[Items listed in a dataset]

+++

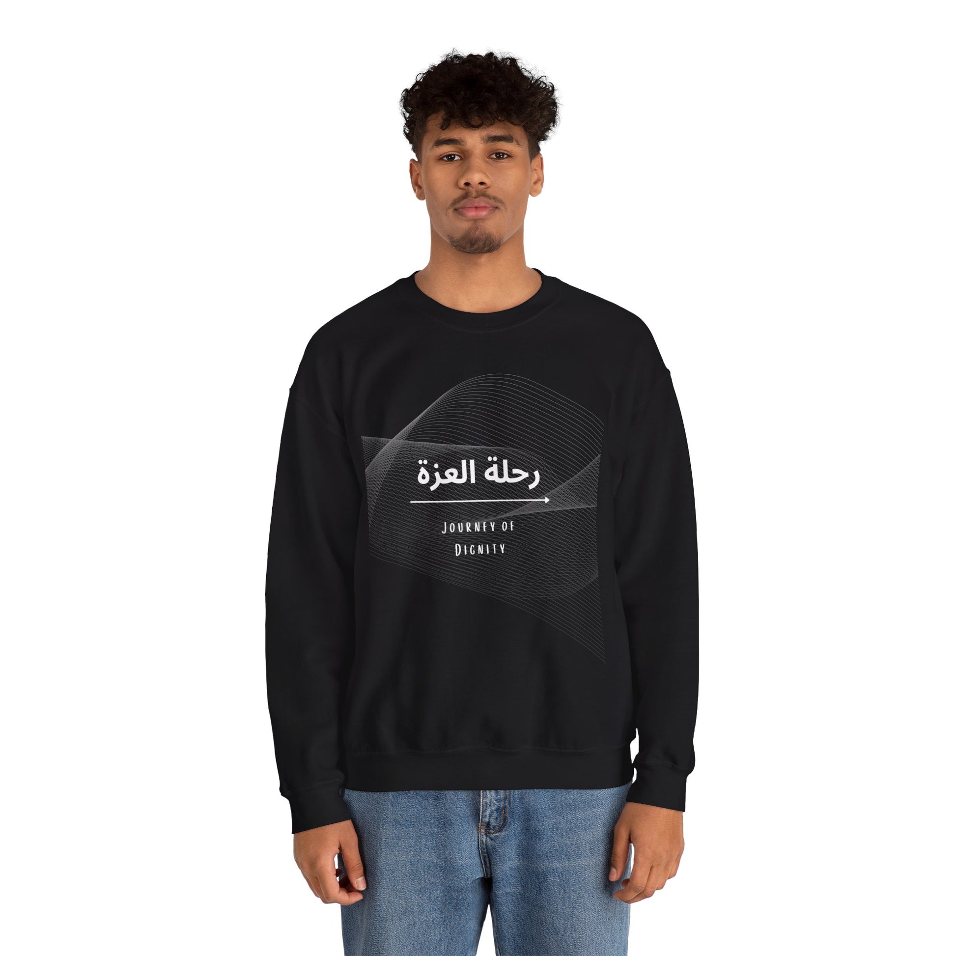 Journey of Dignity (رحلة العزة) Men’s Crew Neck Sweatshirt – Arabic Calligraphy Sweatshirt | Soft, Stylish & Meaningful Casual Wear
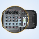 Ten mikser (ale także schowek) można łatwo przymocować z tyłu głośników, dzięki czemu wszelkiego rodzaju luźne przedmioty są ograniczone do minimum. Mikser o mocy 2x 150W „klasy D” jest aktywny, a więc z wbudowanym wzmacniaczem i kilkoma wejściami mikrofonowymi i liniowymi. Istnieje również odtwarzacz MP3 USB/ SD do odtwarzania muzyki MP3 z pamięci USB lub karty SD. Stan tego można odczytać na dużym wyświetlaczu, a za pomocą dołączonego pilota można obsługiwać odtwarzacz zdalnie. Do transmisji bezprzewodowej można wykorzystać wbudowany w mikser odbiornik Bluetooth.
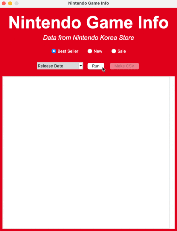 Make CSV버튼을 통해 수집된 게임 정보를 CSV 파일로 저장할 수 있다.- 해당 버튼은 데이터 수집이 완료된 이후에만 활성화된다.
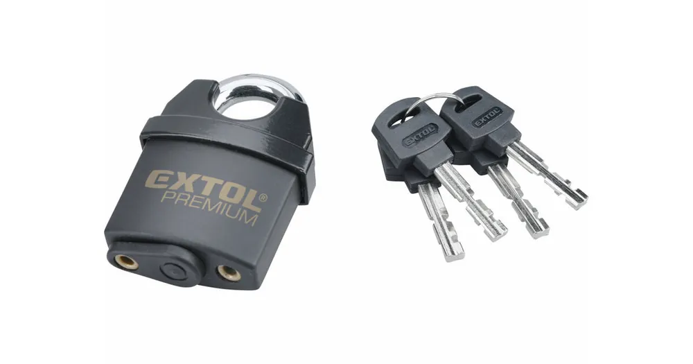 Zámek Extol Premium má cylindrickou vložku z mosazi a vnitřní kovové části jsou pozinkované – zvyšuje jeho odolnosti. Plastový kryt chrání vnitřní kovové části před vodou a nečistotami, takže je vhodný pro venkovní použití.
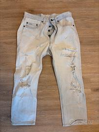 Il jeans e’ usato ma tenuto molto bene. Gli strappi su tutto il pantalone, rendono il jeans accattivante.
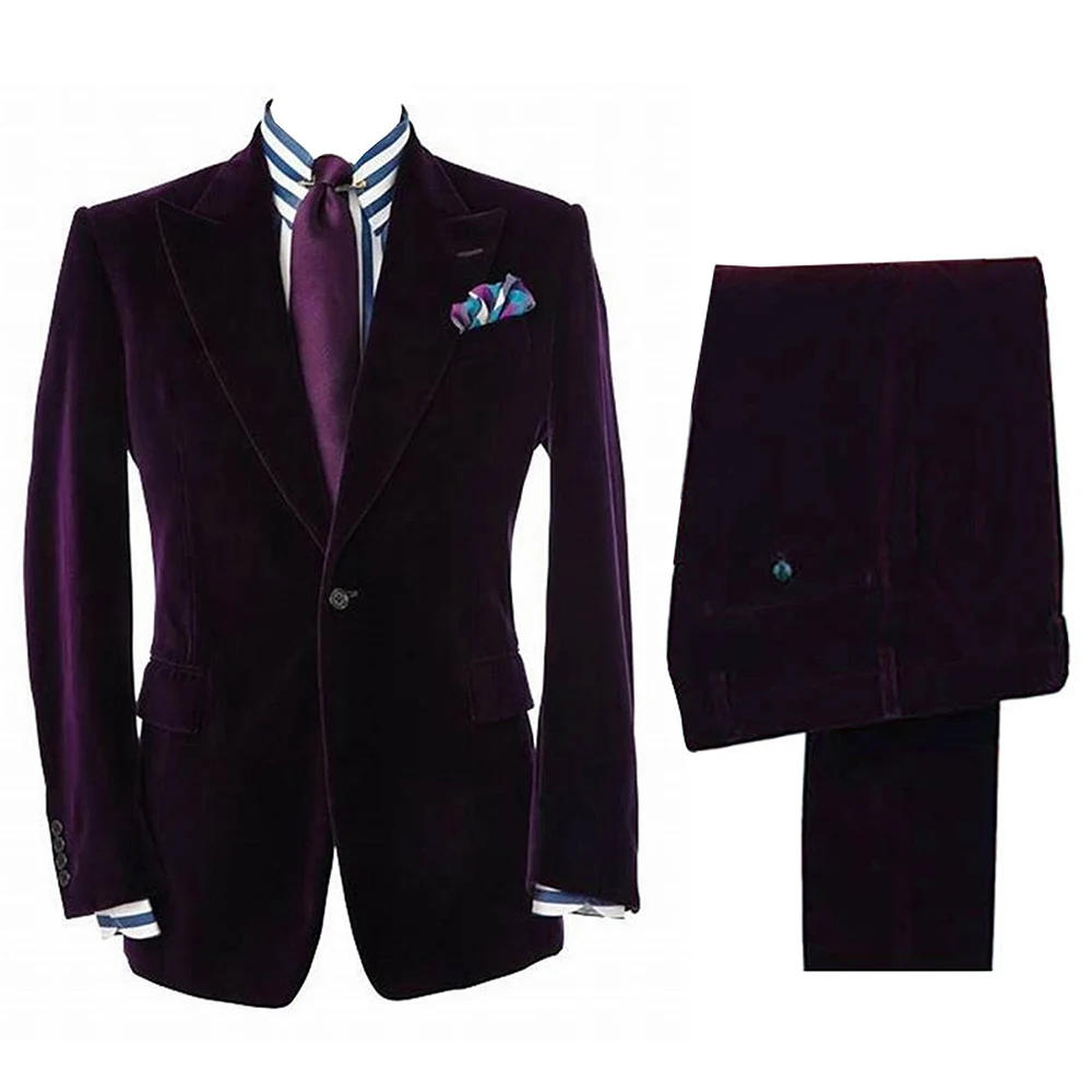 Men's Velvet Suit Two Pieces One Button Peak Lapel Tuxedos for Groomsmen Party

+++

Problem details: Every line from the one containing "Make CSV버튼을 통해" through the end of the entries above is to be copied exactly; pictures are to be left out.

Response:
 Make CSV버튼을 통해 수집된 게임 정보를 CSV 파일로 저장할 수 있다.- 해당 버튼은 데이터 수집이 완료된 이후에만 활성화된다.
 Zámek Extol Premium má cylindrickou vložku z mosazi a vnitřní kovové části jsou pozinkované – zvyšuje jeho odolnosti. Plastový kryt chrání vnitřní kovové části před vodou a nečistotami, takže je vhodný pro venkovní použití.
 Il jeans e’ usato ma tenuto molto bene. Gli strappi su tutto il pantalone, rendono il jeans accattivante.
 Men's Velvet Suit Two Pieces One Button Peak Lapel Tuxedos for Groomsmen Party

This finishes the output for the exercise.